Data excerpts
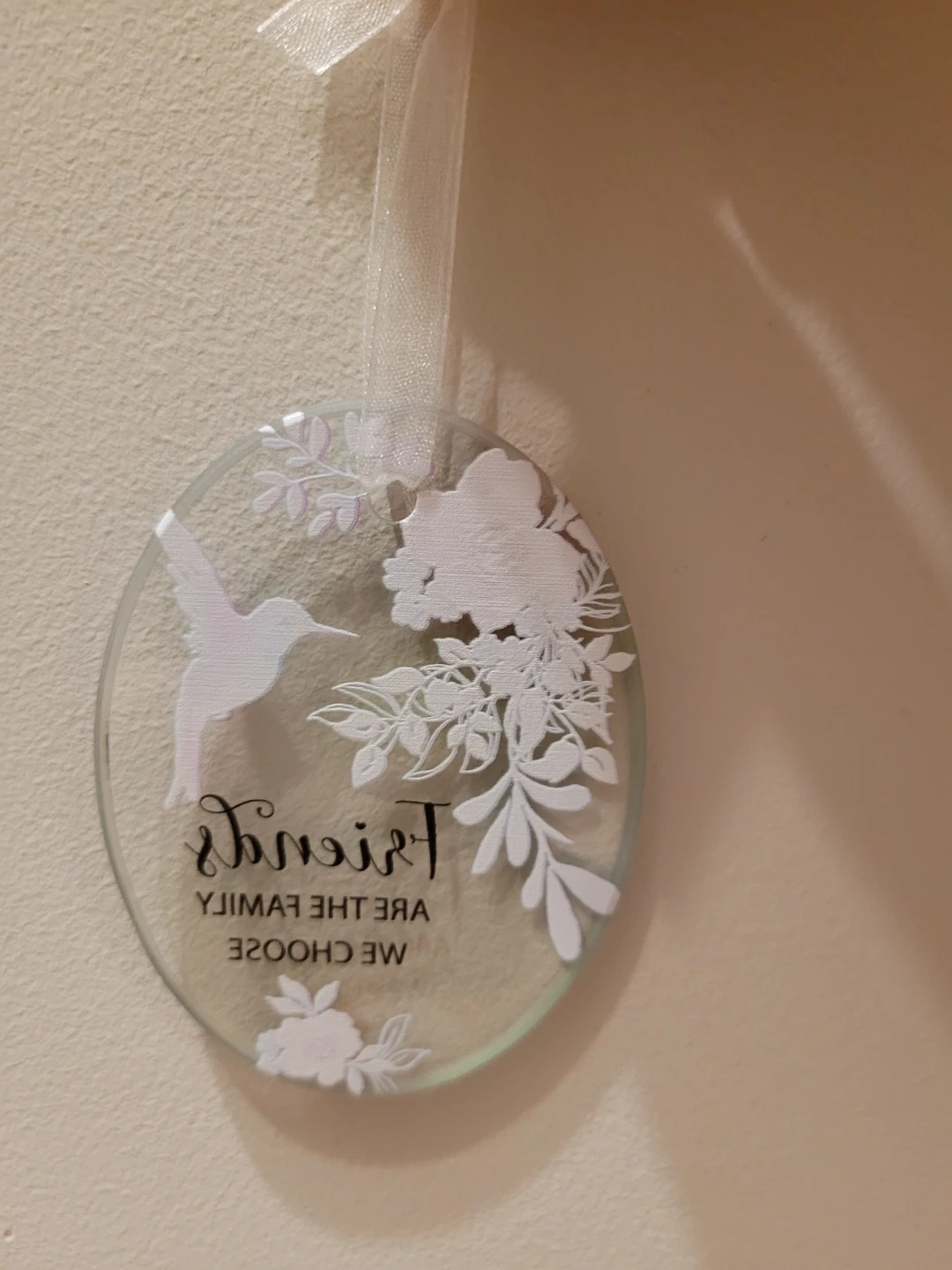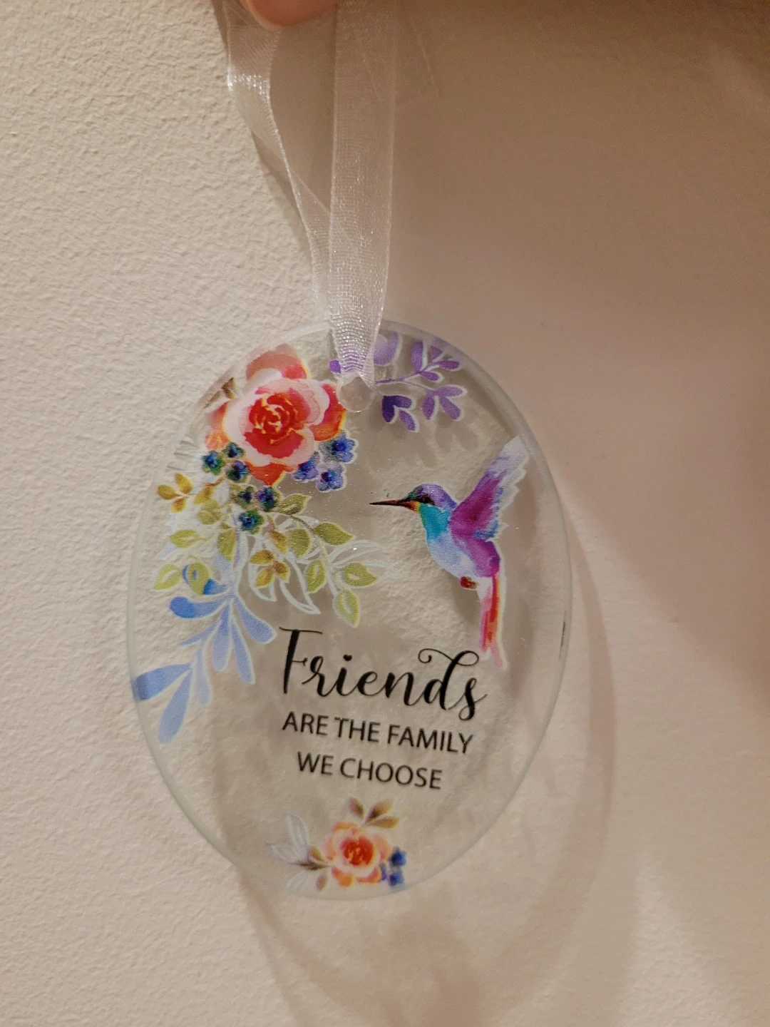 This round glass ornament features a hummingbird and floral design with the quote "Friends ARE THE FAMILY WE CHOOSE". It's a lovely way to celebrate friendships. It hangs with a sheer ribbon.
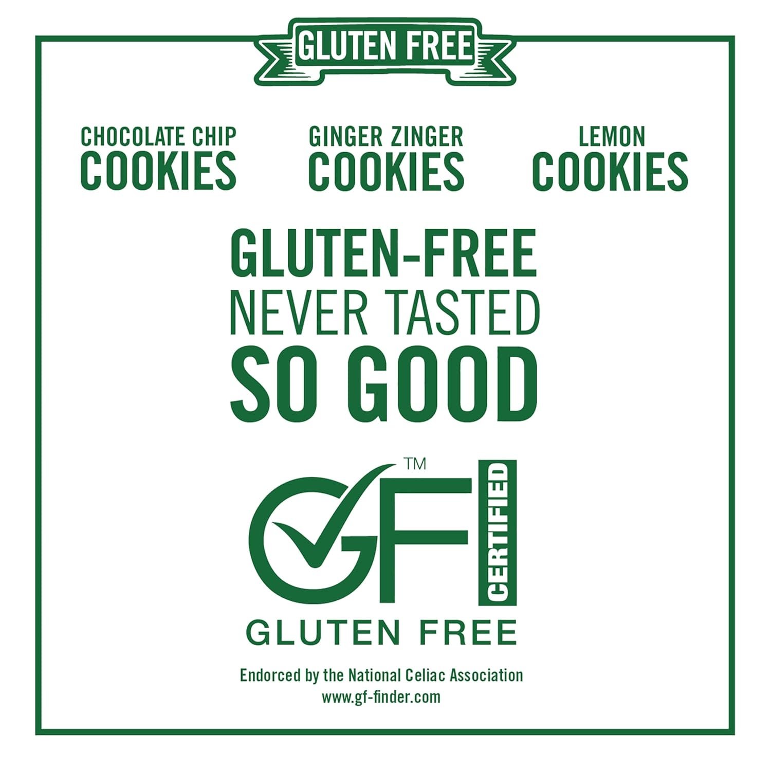 Treat yourself to a bake shop quality snack with no wheat when you grab the Tate’s Bake Shop Gluten Free Cookies Variety Pack. Each cookie assortment includes 3 flavors: Gluten Free Lemon, Gluten Free Ginger Zinger and Gluten Free Chocolate Chip cookies. Each flavor of gluten free cookie is uniquely crispy and deeply delicious. Serve them on cookie trays as gluten free party snacks, or enjoy the lemon, ginger or chocolate cookies as a simple, sweet dessert. These Tate’s Bake Shop cookies are also delicious crushed as a gluten free dessert topping or to add to your favorite dessert recipes. Each 7 ounce reclosable bag keeps the crispy cookies protected and fresh.
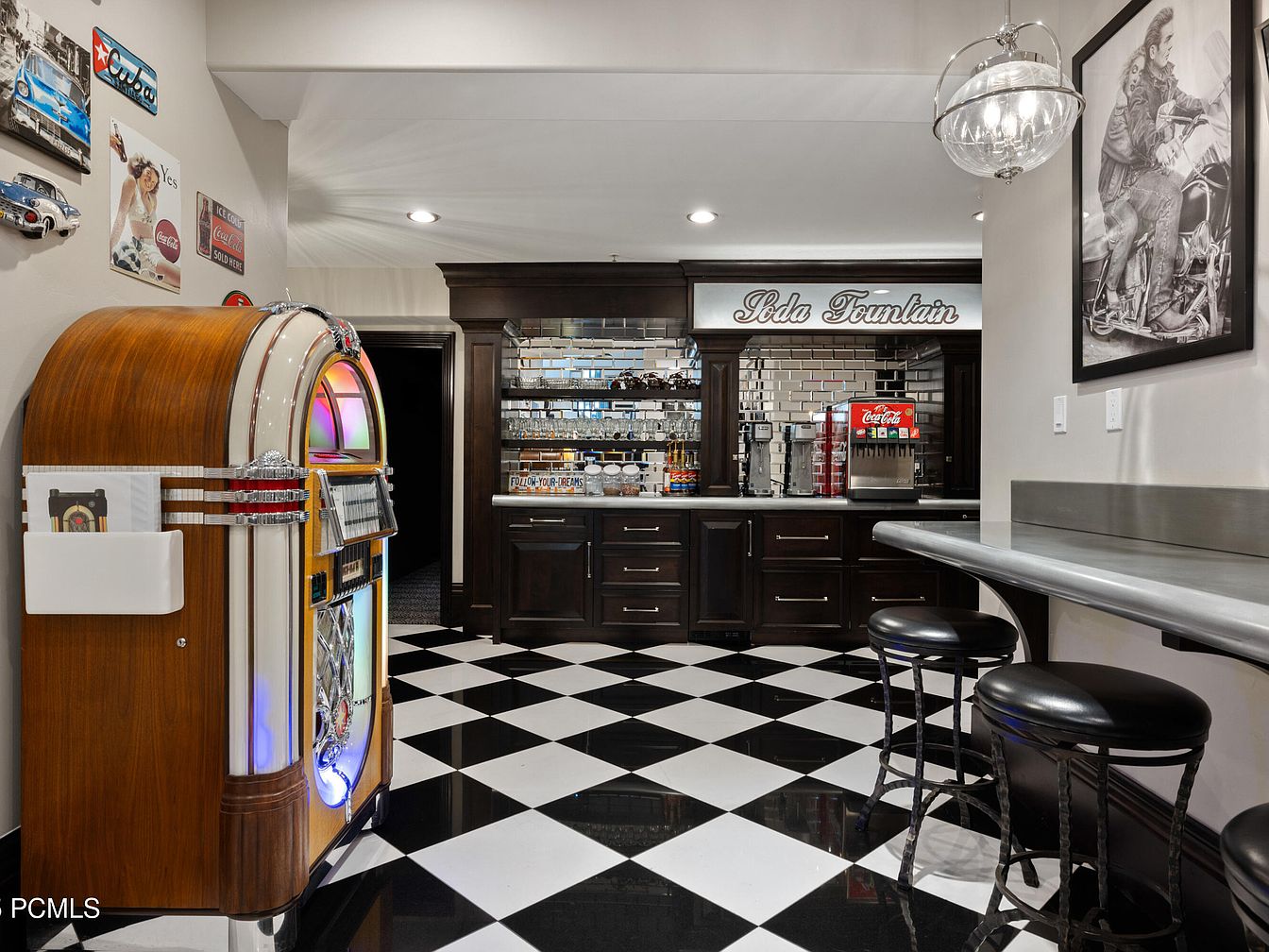 This charming retro kitchen nook seamlessly blends vintage aesthetics with modern functionality. The striking black and white checkered floor sets a playful tone, while the sleek steel countertop offers a contemporary touch. The dark cabinetry contrasts beautifully with the shimmering tile backsplash, creating an inviting atmosphere. A classic jukebox stands as a centerpiece, infusing nostalgia and fun into the space. Bar stools line the counter, perfect for family gatherings or casual meals. Eye-catching decor, including framed vintage posters, enhances the cheerful vibe, making this kitchen nook not just a place to cook but a dynamic hub for family interactions.
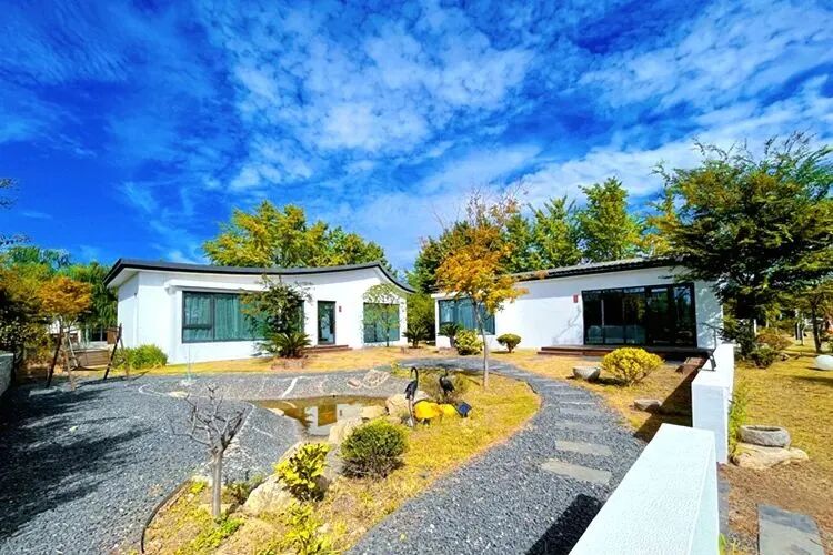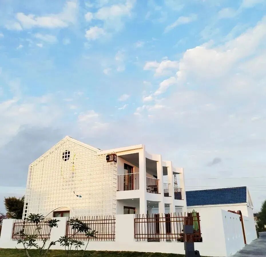 潮间带艺术村的民宿,不仅“移植”了当地特色的茅草顶,也保留了海滨民居原有的样子:石子路、矮篱笆、家家户户的小院里都有鲜花、门口还有新鲜的蔬菜……淳朴之中更带着古色古香,让整个艺术村能够和谐地融入当地湖光景色之中,充满自然与人文交融的魅力。
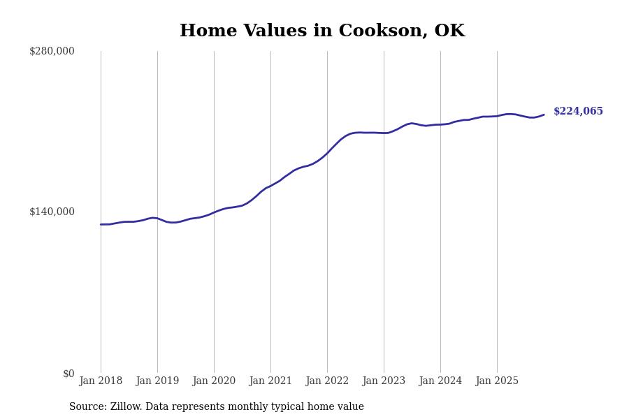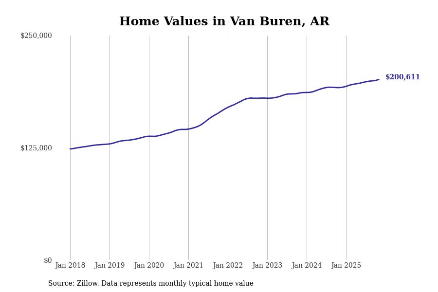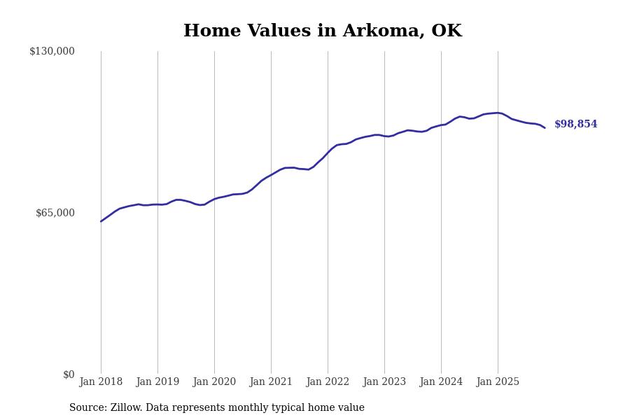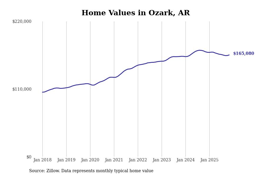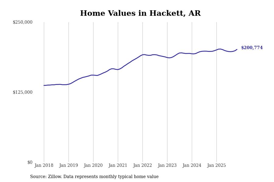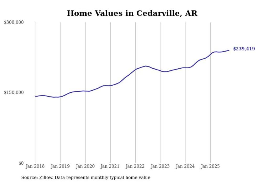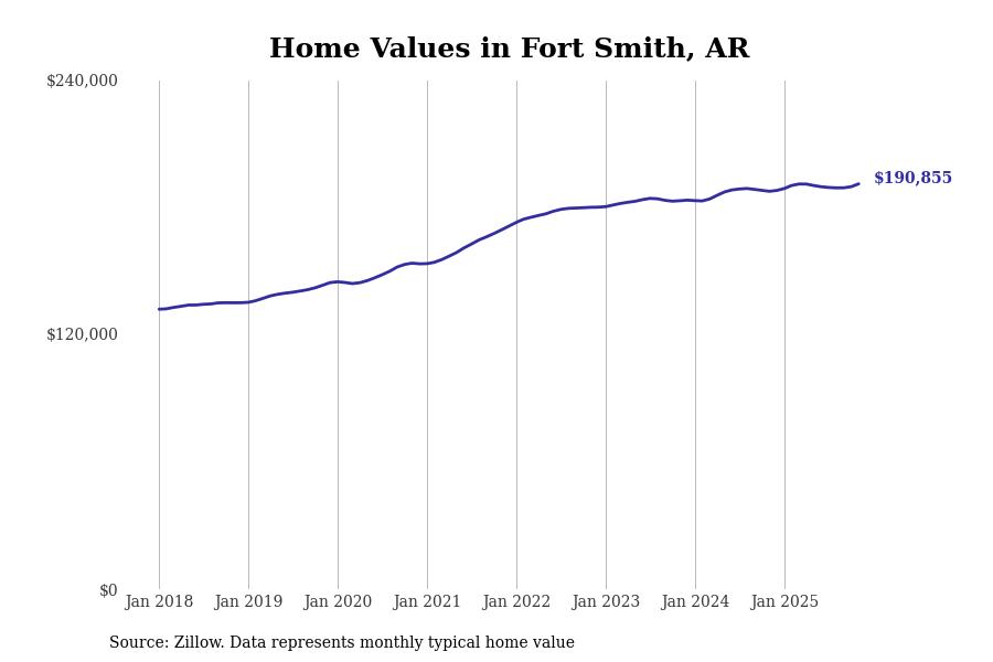 Stacker compiled a list of cities with the most expensive homes in the Fort Smith, AR-OK metro area using data from Zillow. Charts show the monthly typical home value since January 2018.
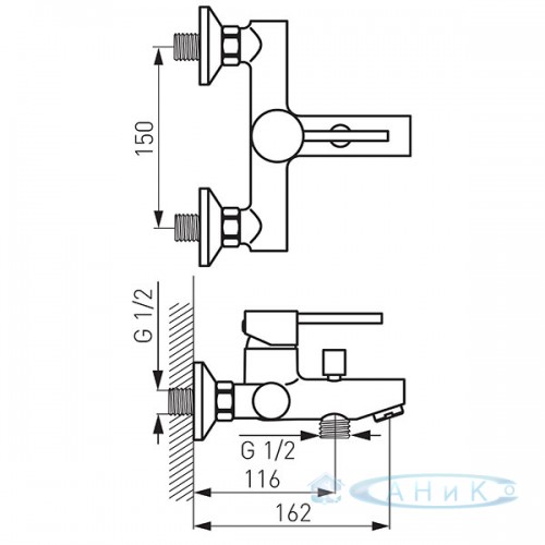 Настенный смеситель для ванны и душа. Устанавливается на два отверстия, поток воды регулируется однорычажным механизмом с керамическим узлом смешивания.
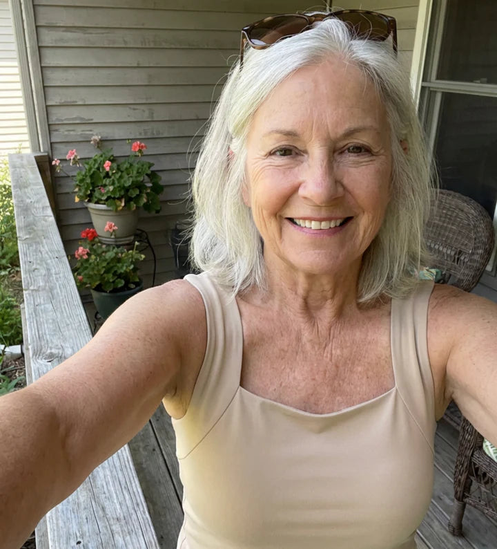 "Just finished 3 hours in my garden and I'm still comfortable! 😊 No bra digging into me, no straps falling off my shoulders. This tank is all I wear now. 72 and finally found something that works!"
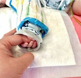 帰り際、「よかったら、おもちくんに触ってあげてください」と声をかけていただいた。しほさんと孝輔さんに愛おしそうに見つめられた未来くんの小さな手を握る。
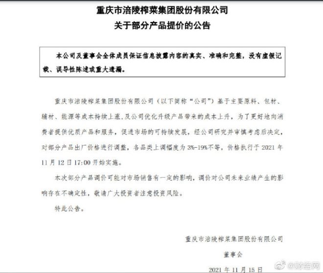 11月14日,涪陵榨菜發(fā)布公告稱,對(duì)部分產(chǎn)品出廠價(jià)格進(jìn)行調(diào)整,各品類上調(diào)幅度為3%-19%不等,價(jià)格執(zhí)行于11月12日17:00開始實(shí)施。
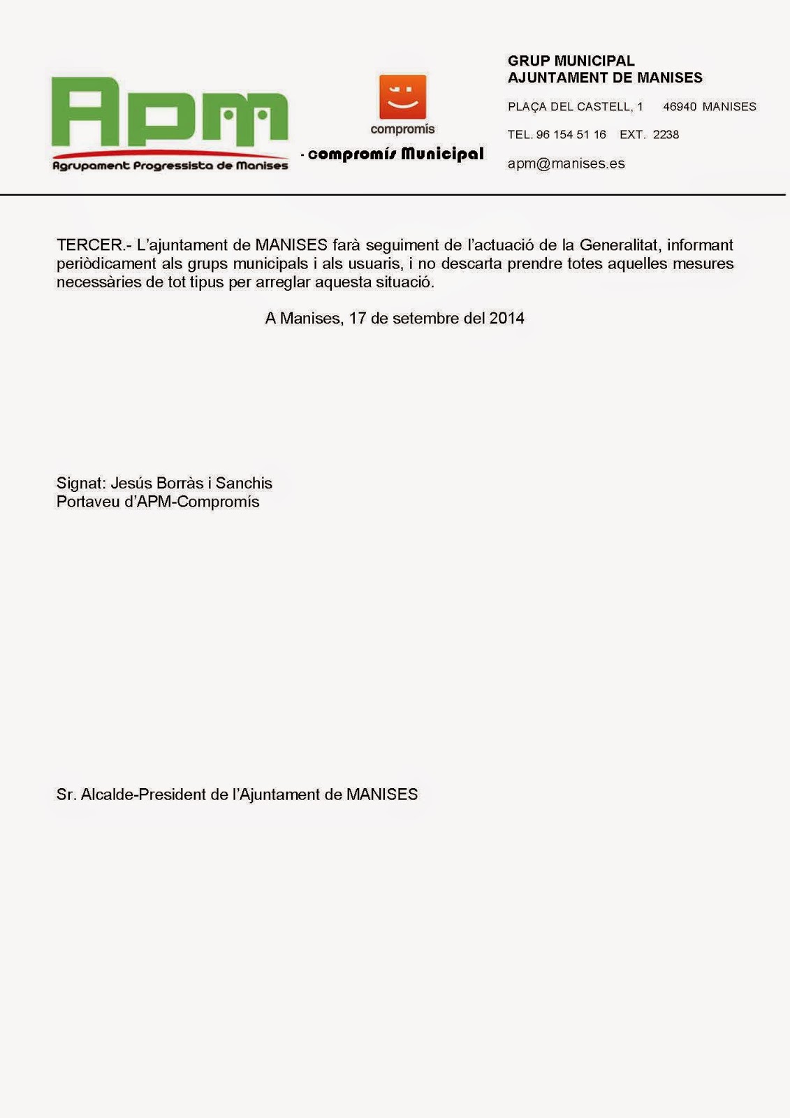 PLE DE L’AJUNTAMENT DE MANISES,
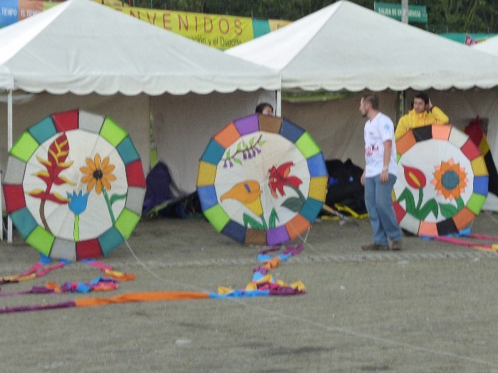 Friday moring, after a few scant hours of sleep, we were divided into three teams and sent to different schools. My group met with about 300 children in two waves. We did a short exhibitions and then helped assemble plastic sleds with sticks, bridles, and tails. Then we just stepped back out of the way as pandemonium ensued. Three hundred kites. Three hundred kids. Three hundred different directions to run. And no way to communicate in Spanish!! My last group were intellectually disabled students. They enjoyed the kites much like the kids we support in South Africa. And often they made their kites better then the "normal" children. Saturday we departed early for our first flying show. Our gear was secured in the shadow of several enormous speakers. An adjacent paved area was marked off for sport kite shows. We went to look for ear plugs and anchors.
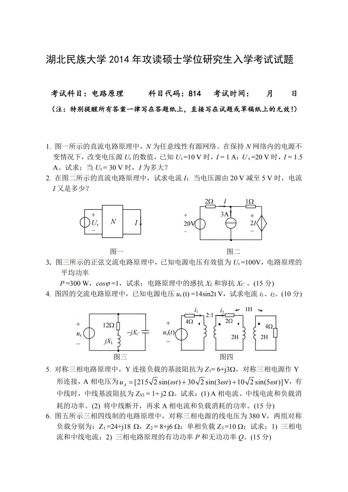 湖北民族大学814电路2014年考研真题
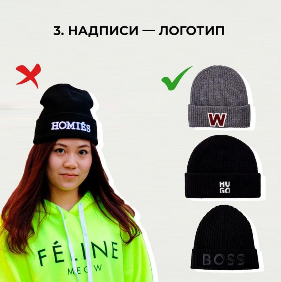 Головные уборы, размалеванные крупными надписями и рисунками – пережиток прошлых дней и сейчас эта аляповатость не в моде. Чем проще шапка, тем более дорого и стильно она смотрится. Для тех, кто считает однотонные головные уборы слишком скучными, Тан советует присмотреться к шапкам с логотипом бренда. В идеале это – не очень крупные надписи базовых цветов.
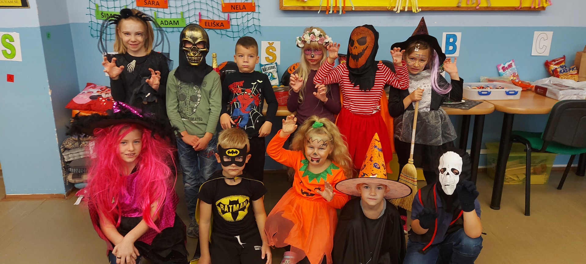 V úterý 26. 10. proběhl na naší škole projektový den Halloween. Děti přišly v krásných halloweenských kostýmech a přinesly úžasné dobroty, které připravily jejich maminky. Při našem projektovém "hraní" jsme si povídali o tom, jaký je rozdíl mezi naším svátkem Dušiček a Halloweenem. Všichni si pomáhali při zdolávání zajímavých úkolů a soutěží jako např. lovení jablíček z vody, balení mumií. Celý den se nám vydařil a skvěle jsme si ho užili.

▶ EXERCISE INSTRUCTIONS:
Write the data out again word for word; leave the pictures behind.

▶ RESPONSE TO THIS TASK:
 This round glass ornament features a hummingbird and floral design with the quote "Friends ARE THE FAMILY WE CHOOSE". It's a lovely way to celebrate friendships. It hangs with a sheer ribbon.
 Treat yourself to a bake shop quality snack with no wheat when you grab the Tate’s Bake Shop Gluten Free Cookies Variety Pack. Each cookie assortment includes 3 flavors: Gluten Free Lemon, Gluten Free Ginger Zinger and Gluten Free Chocolate Chip cookies. Each flavor of gluten free cookie is uniquely crispy and deeply delicious. Serve them on cookie trays as gluten free party snacks, or enjoy the lemon, ginger or chocolate cookies as a simple, sweet dessert. These Tate’s Bake Shop cookies are also delicious crushed as a gluten free dessert topping or to add to your favorite dessert recipes. Each 7 ounce reclosable bag keeps the crispy cookies protected and fresh.
 This charming retro kitchen nook seamlessly blends vintage aesthetics with modern functionality. The striking black and white checkered floor sets a playful tone, while the sleek steel countertop offers a contemporary touch. The dark cabinetry contrasts beautifully with the shimmering tile backsplash, creating an inviting atmosphere. A classic jukebox stands as a centerpiece, infusing nostalgia and fun into the space. Bar stools line the counter, perfect for family gatherings or casual meals. Eye-catching decor, including framed vintage posters, enhances the cheerful vibe, making this kitchen nook not just a place to cook but a dynamic hub for family interactions.
 潮间带艺术村的民宿,不仅“移植”了当地特色的茅草顶,也保留了海滨民居原有的样子:石子路、矮篱笆、家家户户的小院里都有鲜花、门口还有新鲜的蔬菜……淳朴之中更带着古色古香,让整个艺术村能够和谐地融入当地湖光景色之中,充满自然与人文交融的魅力。
 Stacker compiled a list of cities with the most expensive homes in the Fort Smith, AR-OK metro area using data from Zillow. Charts show the monthly typical home value since January 2018.
 Настенный смеситель для ванны и душа. Устанавливается на два отверстия, поток воды регулируется однорычажным механизмом с керамическим узлом смешивания.
 "Just finished 3 hours in my garden and I'm still comfortable! 😊 No bra digging into me, no straps falling off my shoulders. This tank is all I wear now. 72 and finally found something that works!"
 帰り際、「よかったら、おもちくんに触ってあげてください」と声をかけていただいた。しほさんと孝輔さんに愛おしそうに見つめられた未来くんの小さな手を握る。
 11月14日,涪陵榨菜發(fā)布公告稱,對(duì)部分產(chǎn)品出廠價(jià)格進(jìn)行調(diào)整,各品類上調(diào)幅度為3%-19%不等,價(jià)格執(zhí)行于11月12日17:00開始實(shí)施。
 PLE DE L’AJUNTAMENT DE MANISES,
 Friday moring, after a few scant hours of sleep, we were divided into three teams and sent to different schools. My group met with about 300 children in two waves. We did a short exhibitions and then helped assemble plastic sleds with sticks, bridles, and tails. Then we just stepped back out of the way as pandemonium ensued. Three hundred kites. Three hundred kids. Three hundred different directions to run. And no way to communicate in Spanish!! My last group were intellectually disabled students. They enjoyed the kites much like the kids we support in South Africa. And often they made their kites better then the "normal" children. Saturday we departed early for our first flying show. Our gear was secured in the shadow of several enormous speakers. An adjacent paved area was marked off for sport kite shows. We went to look for ear plugs and anchors.
 湖北民族大学814电路2014年考研真题
 Головные уборы, размалеванные крупными надписями и рисунками – пережиток прошлых дней и сейчас эта аляповатость не в моде. Чем проще шапка, тем более дорого и стильно она смотрится. Для тех, кто считает однотонные головные уборы слишком скучными, Тан советует присмотреться к шапкам с логотипом бренда. В идеале это – не очень крупные надписи базовых цветов.
 V úterý 26. 10. proběhl na naší škole projektový den Halloween. Děti přišly v krásných halloweenských kostýmech a přinesly úžasné dobroty, které připravily jejich maminky. Při našem projektovém "hraní" jsme si povídali o tom, jaký je rozdíl mezi naším svátkem Dušiček a Halloweenem. Všichni si pomáhali při zdolávání zajímavých úkolů a soutěží jako např. lovení jablíček z vody, balení mumií. Celý den se nám vydařil a skvěle jsme si ho užili.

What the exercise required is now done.